Sure. Sure. Well, I can give you the duration of treatment and the answer is that we really have no updates. This is not something that's going to change quarter-to-quarter other than as we continue to say, it's being used match of disease progression in most nephrologists. So -- but as far as the payer response, it's a process, right? So we have been getting some meetings already with payers, you try to get as many touch points as you can.
So the first one came with top line data, then the full publication. And then we'll obviously have a new indication. And then followed by that, we're anticipating guidelines to be updated probably early next year, sometime in the first half of next year. So there's no changes of substance today that we really would discuss, but it's a process and I think we're pretty encouraged that in certain areas of management, some of the friction that's created is a direct result of the current label, okay? So I think that, that will change over time over the next 6 to 12 months as the label changes and guidelines change, but there's no set timing.
The next question comes from the line of Rami Katkhuda from LifeSci Capital.
I guess, in addition to the open-label extension, you previously mentioned the potential for post-marketing studies to evaluate longer-term dosing, combination, approaches, et cetera. I guess any update on that front and whether you still plan to pursue those opportunities?
No, I think that these are kind of normal discussions, obviously, that we have since we have a product on the market, but we haven't kind of resolved on anything specific yet. But obviously, there are quite a lot of conversations ongoing. And a lot of these are obviously also driven directly by nephrologists. They're keen to kind of use the product. They want to have some more information in terms of kind of various treatment paradigm.
So this is something that's a very kind of constructive and positive kind of conversation that we're having with nephrologists, but we haven't yet kind of firmly agreed on any specifics around that. But we would expect that we will obviously conduct some of those kind of Phase IV studies going forward. But in terms of -- so actually kind of in terms of data that we will kind of more formally release that really is the open-label extension, which we hope to be able to do in the first half of next year.
And then obviously, together with the setanaxib data that will also kind of happen in the first half of next year. So those are the kind of planned data releases for now. But we will keep you updated, obviously, as to when we kind of embark or have kind of all these releases clarified as to any kind of Phase IV trial.

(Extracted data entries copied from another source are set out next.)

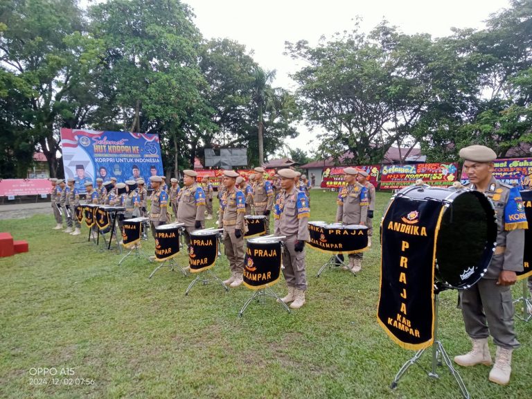 Tuahsejawat.com, Bangkinang — Marching Band Satpol PP Kampar Andhika Praja memiliki peran strategis dalam upacara HUT Korpri Ke -53 Tahun 2024 Tingkat Kabupaten Kampar yang berlangsung di Lapangan Pelajar Bangkinang Kota, Senin (02/12/2024) pagi.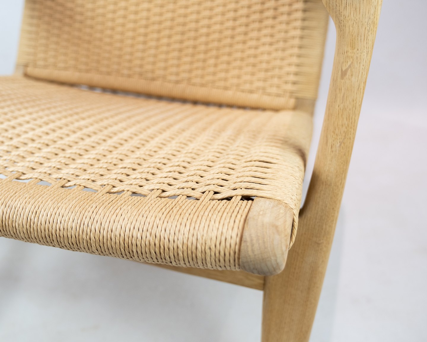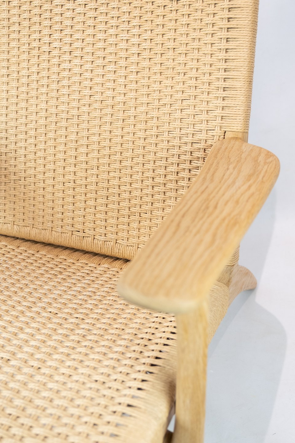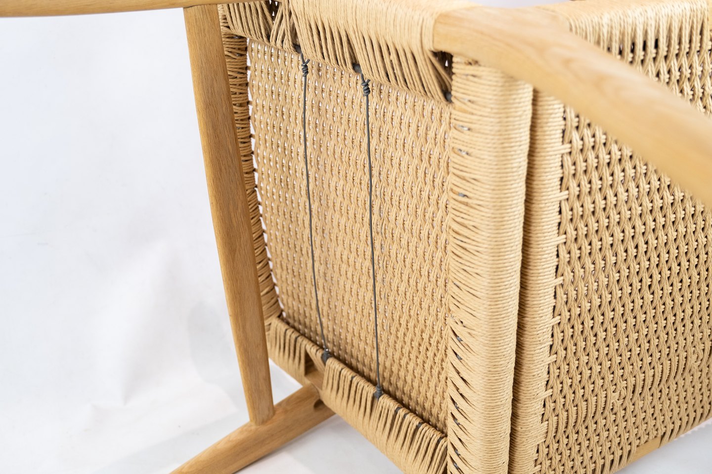 The chair's frame is made of solid oak, which gives it both strength and natural beauty. The paper braid that covers the seat and backrest adds an organic texture and artisanal expression that is characteristic of Wegner's designs.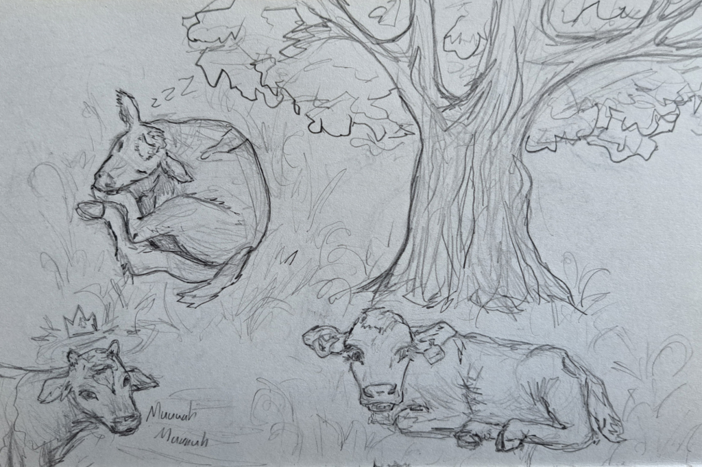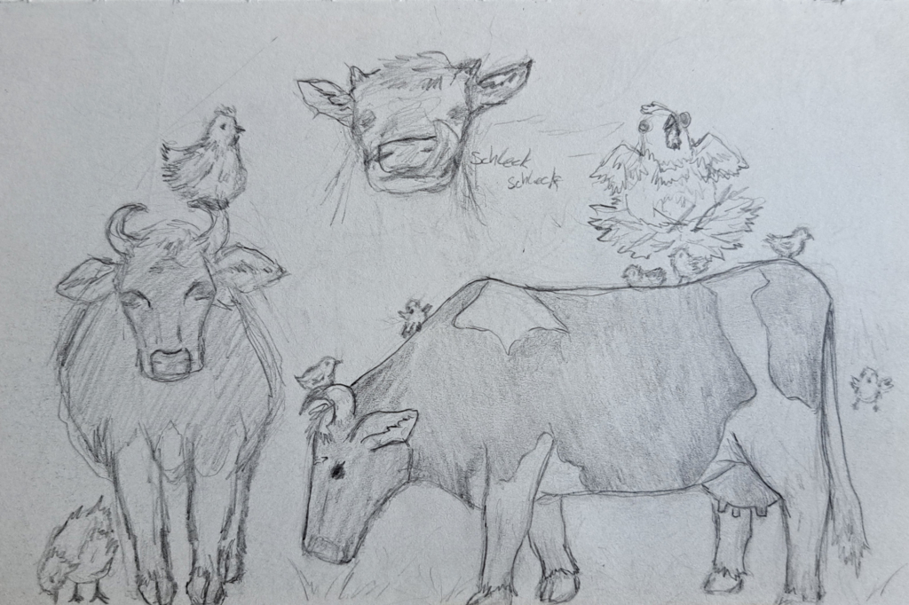 FÖJ-lerin Leona liebt Tiere, ganz besonders die Kühe, Rinder & Kälbchen auf dem Laakenhof. Leona hat neben handwerklichen Fähigkeiten stets einen Ergebnis orientierten Blick auf täglich anfallende Situationen rund um ihre Tätigkeitsfelder auf dem Laakenhof. Bewundernswert ist Leonas künstlerischer Blick, fängt sie doch immer wieder mit Stift und Papier Momente ein, auf die ihre Fokus gerade gefallen ist.

The next question comes from the line of Johan Unnerus from Redeye.
Great. Can you hear me?
Yes.
Excellent. Just a follow-up to begin with, on the label review in the FDA meeting, is there any reason to not believe that they would align to your study design earlier? There's obviously a more narrow label in the conditional approval than in the study.

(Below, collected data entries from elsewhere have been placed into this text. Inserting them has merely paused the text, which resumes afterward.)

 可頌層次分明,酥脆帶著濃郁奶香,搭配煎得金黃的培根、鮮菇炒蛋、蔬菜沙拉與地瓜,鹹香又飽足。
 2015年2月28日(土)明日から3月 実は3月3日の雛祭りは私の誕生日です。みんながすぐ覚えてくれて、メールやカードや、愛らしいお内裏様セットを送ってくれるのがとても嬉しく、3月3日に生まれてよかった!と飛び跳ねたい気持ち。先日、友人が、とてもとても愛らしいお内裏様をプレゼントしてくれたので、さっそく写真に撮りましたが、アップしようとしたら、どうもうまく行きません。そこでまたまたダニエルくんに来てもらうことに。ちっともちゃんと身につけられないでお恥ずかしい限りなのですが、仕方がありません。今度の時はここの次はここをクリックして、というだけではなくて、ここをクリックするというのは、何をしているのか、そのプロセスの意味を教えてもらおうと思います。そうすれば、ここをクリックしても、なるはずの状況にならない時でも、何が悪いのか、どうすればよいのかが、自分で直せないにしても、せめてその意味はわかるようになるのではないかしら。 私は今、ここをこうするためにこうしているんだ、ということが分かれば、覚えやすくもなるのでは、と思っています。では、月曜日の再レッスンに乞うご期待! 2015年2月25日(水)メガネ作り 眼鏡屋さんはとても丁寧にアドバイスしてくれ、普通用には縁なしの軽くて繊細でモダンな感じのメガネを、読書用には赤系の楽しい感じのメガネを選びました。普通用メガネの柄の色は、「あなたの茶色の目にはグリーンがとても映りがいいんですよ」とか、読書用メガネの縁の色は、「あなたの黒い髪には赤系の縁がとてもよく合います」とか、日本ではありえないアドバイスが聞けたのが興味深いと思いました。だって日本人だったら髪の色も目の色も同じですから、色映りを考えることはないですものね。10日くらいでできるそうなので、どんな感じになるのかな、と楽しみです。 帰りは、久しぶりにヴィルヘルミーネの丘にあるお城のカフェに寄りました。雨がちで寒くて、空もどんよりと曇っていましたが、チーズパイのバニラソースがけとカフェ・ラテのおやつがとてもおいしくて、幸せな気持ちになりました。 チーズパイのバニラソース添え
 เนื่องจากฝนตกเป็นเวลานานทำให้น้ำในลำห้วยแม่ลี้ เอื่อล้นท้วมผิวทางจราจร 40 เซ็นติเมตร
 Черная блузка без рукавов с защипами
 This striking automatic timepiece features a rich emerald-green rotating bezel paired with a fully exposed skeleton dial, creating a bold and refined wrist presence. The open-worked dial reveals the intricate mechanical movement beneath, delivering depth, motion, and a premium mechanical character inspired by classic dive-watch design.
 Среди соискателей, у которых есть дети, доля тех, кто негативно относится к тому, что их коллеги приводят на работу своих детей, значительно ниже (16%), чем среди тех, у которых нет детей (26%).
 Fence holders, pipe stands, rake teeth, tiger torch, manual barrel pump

Yes. I mean again, I mean, I think that the data set is very clean and very straightforward. And as we've said, actually, we don't see -- we see a very consistent effect across the entire data set. So from that perspective, we wouldn't expect there to be any basis for limiting the population from that perspective.
Interesting. Yes. And also a follow-up regarding China, should we expect any milestone on the back of this approval?
Yes. We have milestones for China. But as earlier communicated, we don't see them as material in the view of the corporate -- the company's financing.
Okay. And also, if I may, on the profile of your unique subscribers and specialists as of today, would they be sort of normal across-the-board profile? Or would you say that you have tendency to have more larger centers or smaller centers? Or.....
I don't know, Andy, do you want to take that?
I think it's generally spread out. There's no real formula for that or give you anything that's of substance as far as differentiations through prescribing.
There are no more questions at this time. So I hand over back to Renee.
Thank you very much, and thank you all for listening and into this Q3 report, and we look forward to sharing our full year results as well as our Q4 numbers in due time. Thank you.
This concludes today's call. Thank you very much. Have a nice day. You may disconnect your lines.